Majo, una joven de 18 años, y su hermana menor ven su rutina cambiar por completo cuando sus padres deben viajar a Nueva York durante tres meses por trabajo. Antes de irse, dejan a cargo del hogar a Daniela, una niñera de 26 años, responsable, tranquila y con una calidez que poco a poco llena los espacios que la ausencia deja.
Sin embargo, con el paso de las semanas, Majo comienza a notar detalles que antes pasaban desapercibidos: la forma en que Daniela sonríe, su paciencia infinita, su voz suave al hablar y la tranquilidad que le transmite. Sin darse cuenta, esos pequeños momentos empiezan a significar más de lo que deberían.
Todo cambia una noche en una fiesta. Entre música, luces y un ambiente que las aleja por un momento de la rutina, ambas se encuentran en un instante inesperado. Una mirada se prolonga más de lo habitual, las palabras sobran, y en medio de la confusión y la emoción, ocurre un beso. No es planeado, pero tampoco es rechazado.

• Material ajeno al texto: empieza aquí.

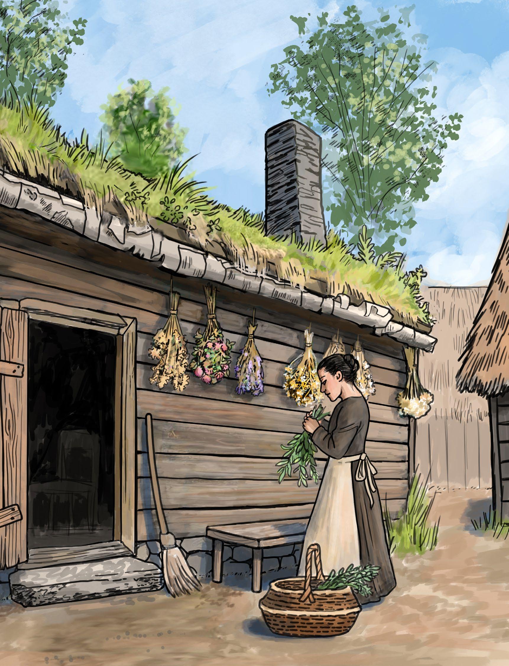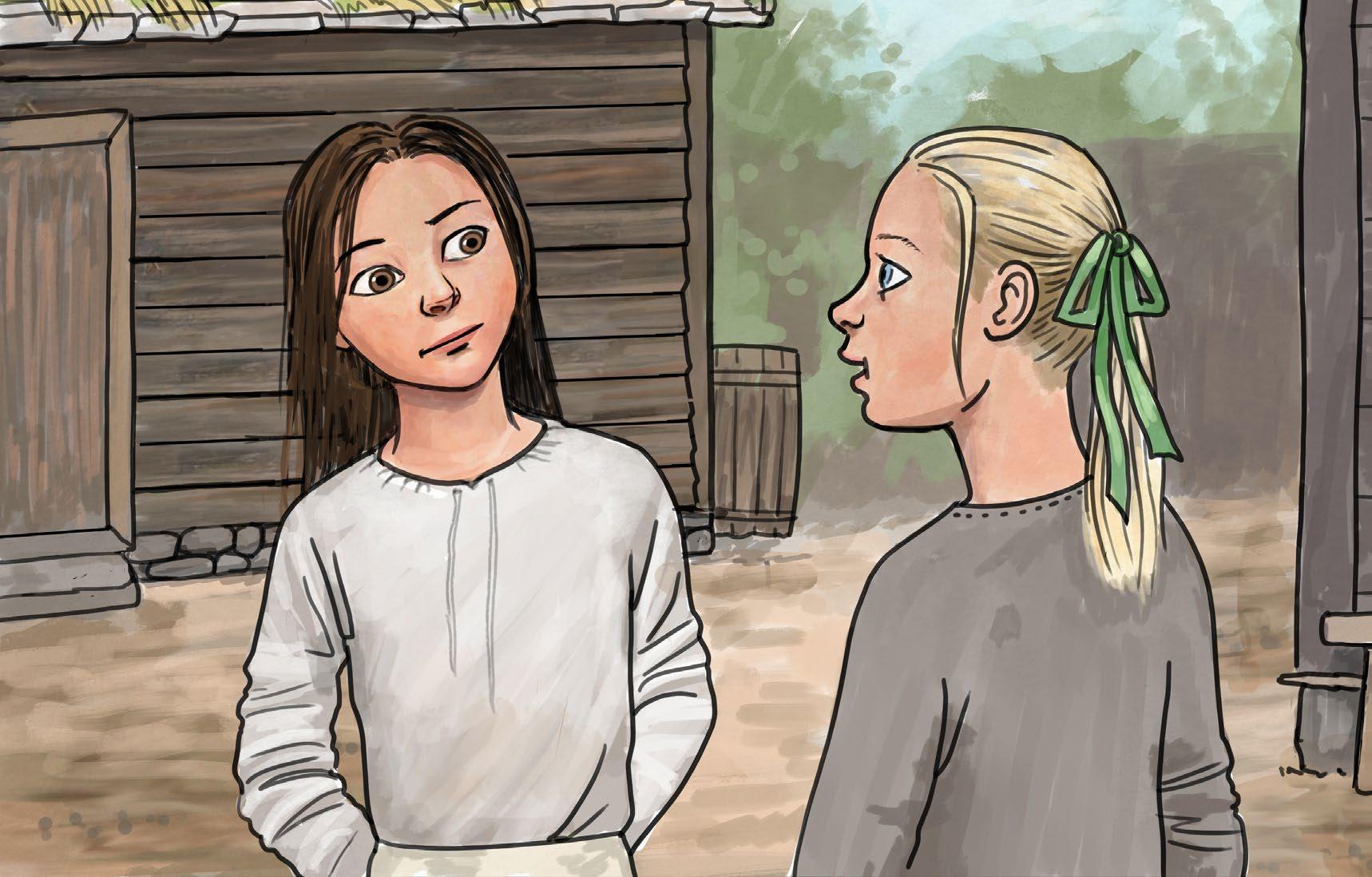 Eftersom det inte har regnat på flera veckor är gatorna torra och det dammar runt barnens bara fötter. Stina tycker att det är skönare så här än när det är lerigt. Men de måste se upp så att de inte trampar i de färska högarna av hästbajs. Nästan alla hus i stan är likadana; låga, gråa trähus med torvtak. Ja, till och med stall och bodar ser ut så, fast de har halm på taket istället. Stina tycker ändå att hennes hem är lite finare än alla andras. Det kan bero på alla blommorna som hänger på tork under öfset längs framsidan. Eller kan-
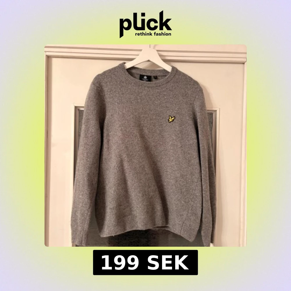 Snygg grå stickad tröja från Lyle & Scott med rund hals och deras klassiska gula fågel-logga broderad på bröstet. Tröjan har ribbade muddar vid ärmslut och nederkant, och är långärmad. Perfekt för dig som gillar stilren och enkel design.
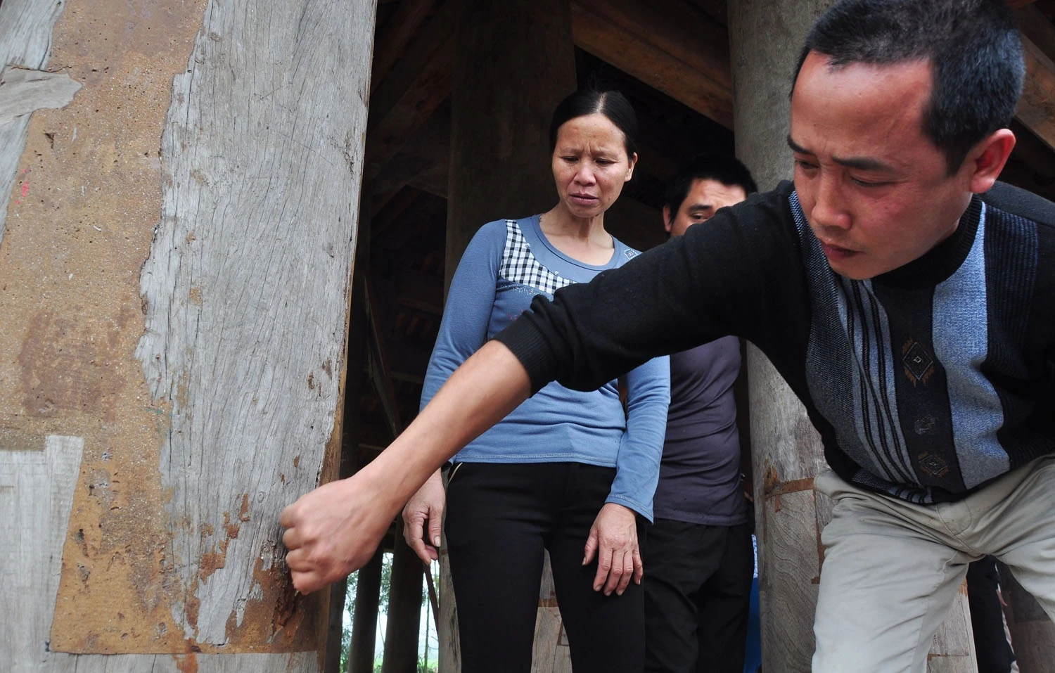 | Anh Long (38 tuổi) người làng vừa nói vừa dùng chìa khóa xe máy cạy mảng keo chắp vá vị trí cột bị mọt do đơn vị thi công mới làm. "Dùng bất cứ vật cứng nào cạy nó đều bở tung ra như vậy". |
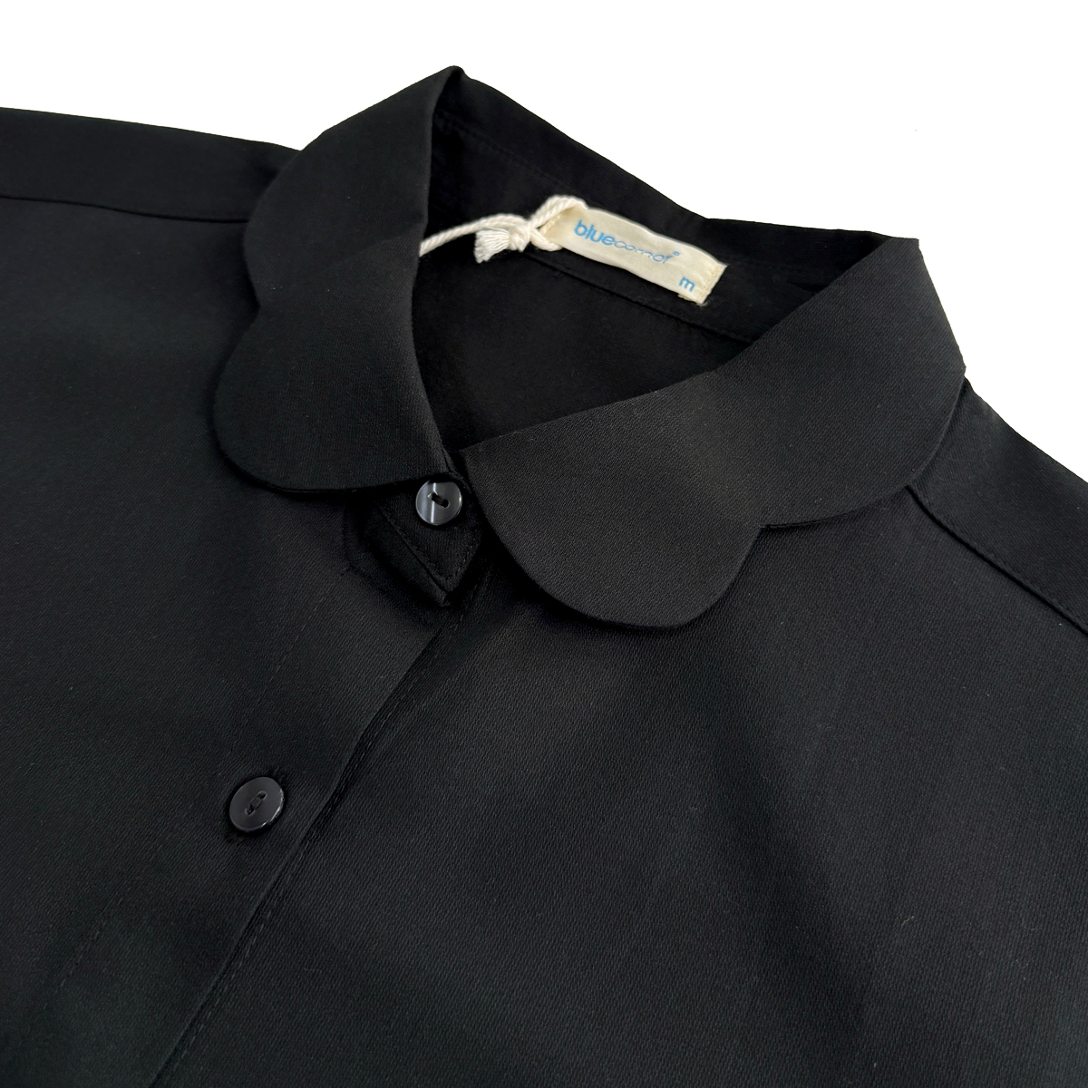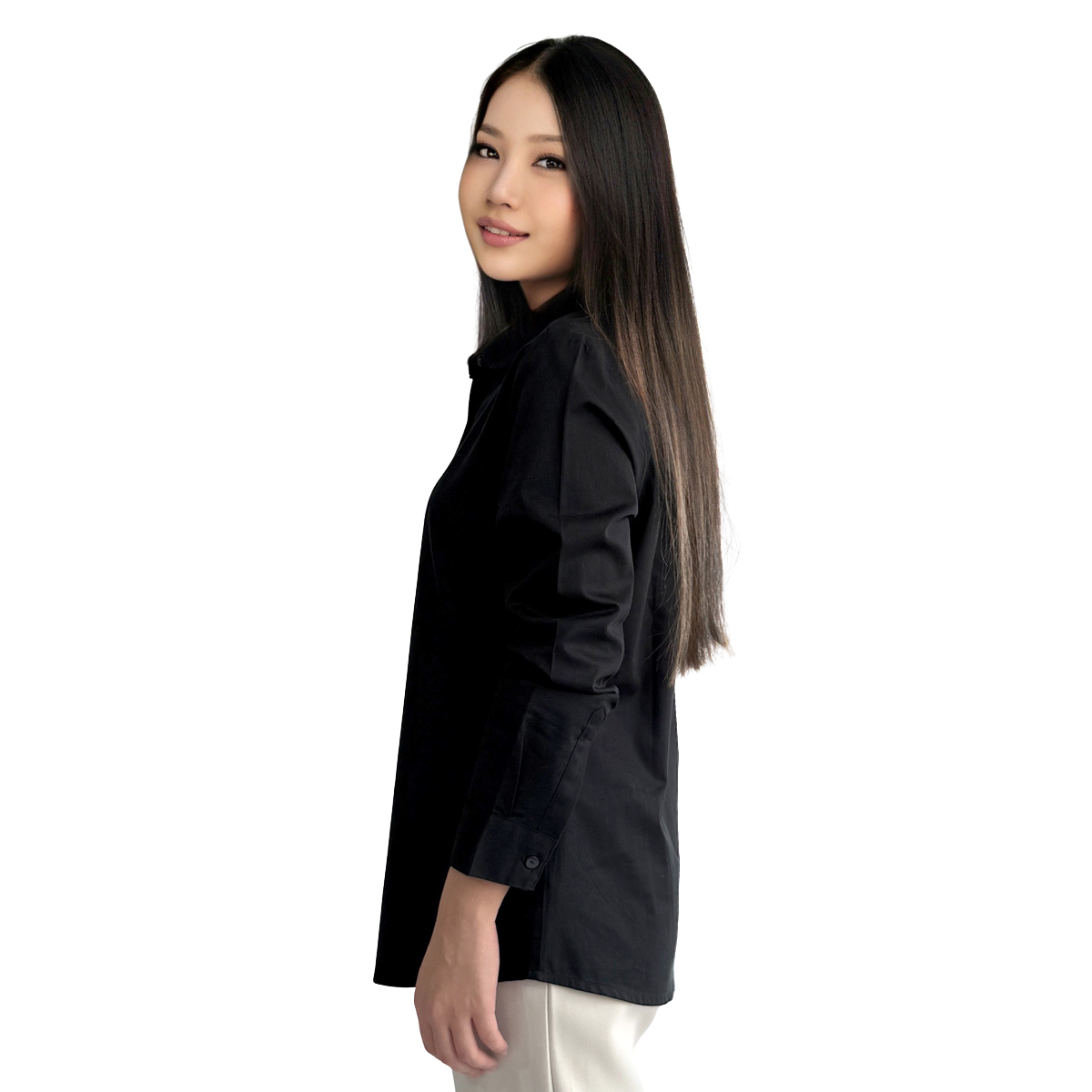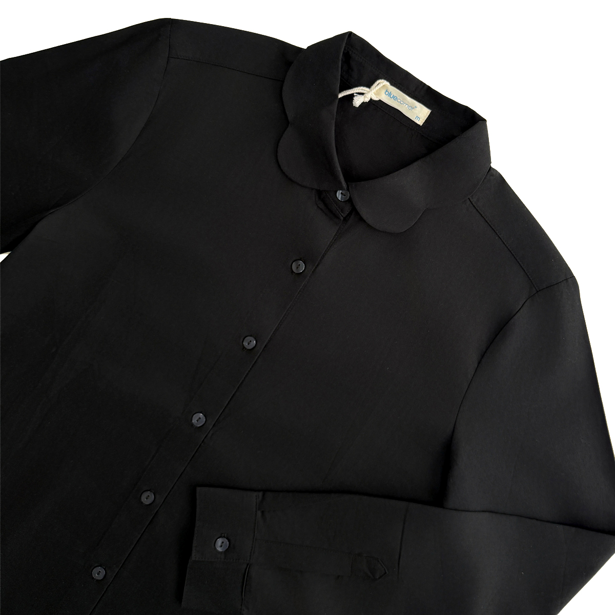 Long Sleeves Shirt With Collar Detail (100% Cotton) (Black)
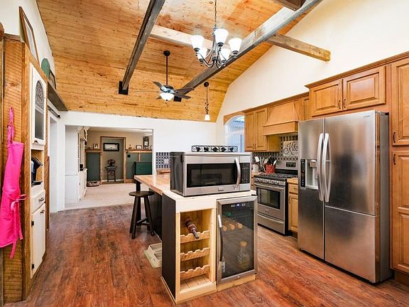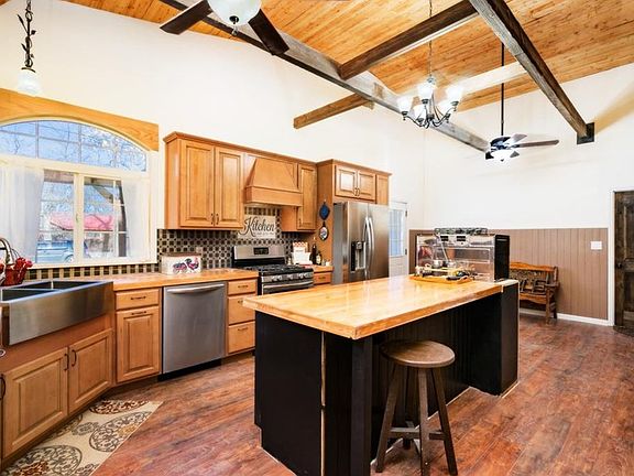 Absolutely beautiful home with character in this remodeled/updated Absarokee home. Ranch style w/open vaulted ceiling in kitchen and loft area. Brand new cherry kitchen cabinets, wood block counters and island w/convection oven, beverage fridge, all new ss appliances, new shingled roof and windows. 10,450 sq ft lot. Master bed w/T&G vaulted ceiling and custom builtins, bath w/tile shower, 2nd bath w/jacuzzi tub. Fenced. Hot tub. Perfect location to walk anywhere in town. So much new!

Después de ese momento, nada vuelve a ser igual. Majo ya no puede negar lo que siente, pero lo que más la desconcierta es notar que en Daniela también algo ha cambiado. La cercanía se vuelve distinta, las miradas cargan un nuevo significado y el silencio entre ambas deja de ser incómodo para volverse intenso.
A partir de esa noche, su relación se transforma en algo más complejo: una mezcla de ternura, dudas y sentimientos que ninguna de las dos sabe cómo manejar del todo, mientras el tiempo sigue avanzando y el regreso de sus padres se acerca cada vez más.
Daniela tendrá una propuesta de trabajo, ¿Será que ambas podrán resistir una relación a distancia?